The next set of tests involves the standard circuit-level diagnostics I run using the PHD PCI and PHD Plus diagnostic cards, also from Ultra-X. These diagnostic cards measure the signals for all circuits (IRQ and DMA controllers, PCI and memory busses, system timer, etc.) against reference timings, and if there is even a small deviation, a ‘failure’ is reported. These tests were run 100 times in succession to make sure there were no intermittent errors. As one can guess from the name, the PHD PCI card plugs into any PCI slot, snooping the PCI bus to find all devices and the speed of the bus. The PHD Plus card plugs into an ISA slot, and performs very stringent tests on the DMA and IRQ controllers and channels. Failures in these tests could be a warning that some ISA cards that cannot tolerate any deviation from the spec may not function properly.
The TS-AKXA passed all tests on the PHD PCI card without any failures reported, but did have errors reported from the PHD Plus card. This included intermittent failures in DMA Page Register, Interrupt Controller Channels 0-7 and DMA Transfers. In my experience, the majority of motherboards experience some failures in this area so it generally isn’t a major issue. In this case, there were more errors that I normally see, so there does seem to be a greater possibility of problems in this area. Fortunately, more and more people are ditching their ISA cards in favor of PCI, so for many this should not be a problem at all.
Stability and Reliability Tests
I first installed Windows 2000, and ran the Passmark Burn-in test. This is a multi-threaded burn-in program that puts a heavy load on various aspects of the system simultaneously, including the processor, graphics and I/O subsystems. Burn-in Test was run for another 8 hours with all processes being active (except for the printer test), and set to 100% load. This test truly bogs down the system, and seems to be a good indicator of whether the system can handle a heavy load, particularly with a ‘slower’ processor such as the 500MHz Athlon. There were no failures or lockups recorded after 36 hours of continuous operation.
I then installed and ran Business/High-End Winstone 99 and Content Creation 2000 tests in Demo mode, with a loop count of 20 on all tests. In fact, Winstone 99 was run this way twice. The test settings were set to stop on any error. These tests completed without any errors whatsoever being recorded. I next installed Windows 98 and ran Winstone 99 Business and Content Creation 2000 were run in demo mode for another 24 hours each, rebooting after each run. Again, there were no failures recorded at all.
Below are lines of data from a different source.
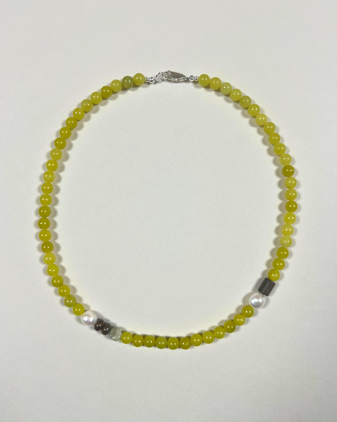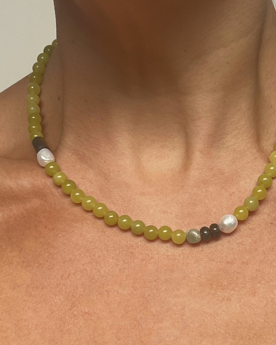 A one-of-a-kind necklace featuring vivid olive jade beads, hand-strung and finished with sterling silver findings and clasp. Accented with freshwater pearls, a stacked pair of bronzite rondelles, and a picasso jasper cylinder, adding texture, contrast, and grounding depth to the strand.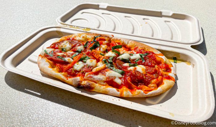 Pizza can be hit or miss in Disney World. Sometimes you’re eating pillowy or cardboardy not-so-good slices and sometimes you’re eating yummy and authentic slices (We’re looking at you Via Napoli!). Well, it seems we’ve got another option when it comes to the latter — and we gave it a try!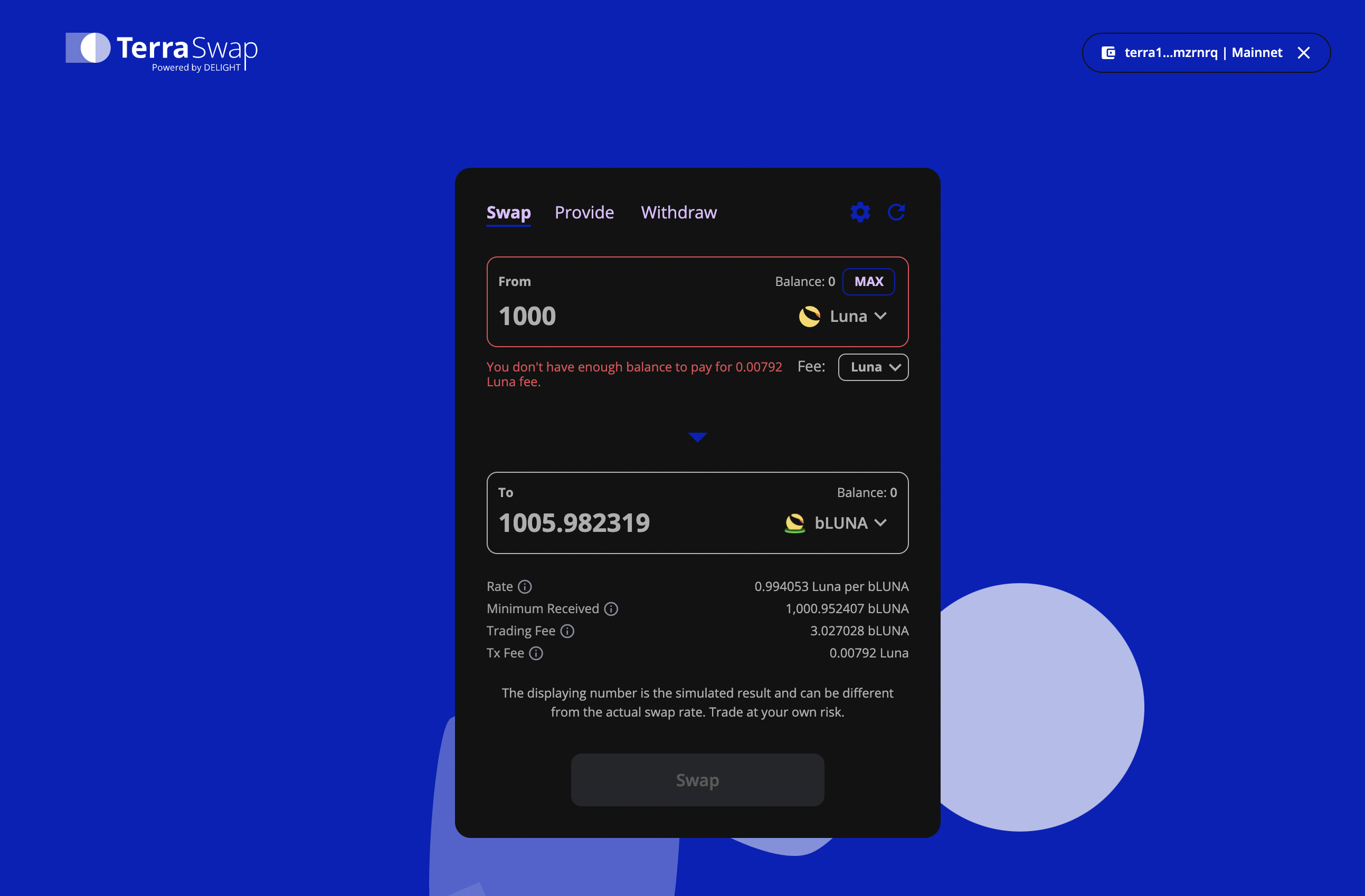 루나를 사다가 테라 스왑에서 bLUNA로 스왑 할 수 있다

Since Transcend used the ICS 9248AF-114 clock chip, there are a number of possible FSB settings available in the BIOS. These settings are found under the ‘Frequency / Voltage Control’ menu item. Despite what the name implies, there are no vCore voltage settings here, but the ‘Spread Spectrum Modulate’ option is, as is an ‘Auto Detect DIMM/PCI slot setting.
I found that the fastest this board (and likely, this chipset) would operate with is the 110MHz setting. This allowed the Athlon 500 to run at 550MHz – hardly an overclockers dream, but a nice 10% increase nonetheless. Unfortunately, this setting was not extremely stable, and I had to set the ‘Spread Spectrum Modulate’ option to ‘Enabled’ in order for this to even get past POST. Even slower settings, such as 107MHz and 103MHz had problems running without crashing or locking.
The BIOS that came with the board was the 1.03 version, which did not allow the DRAM clock setting in the BIOS to be set to anything except ‘Host Clock’. Since then, a newer (1.06) BIOS has become available which allows the user to select +33MHz and -33MHz.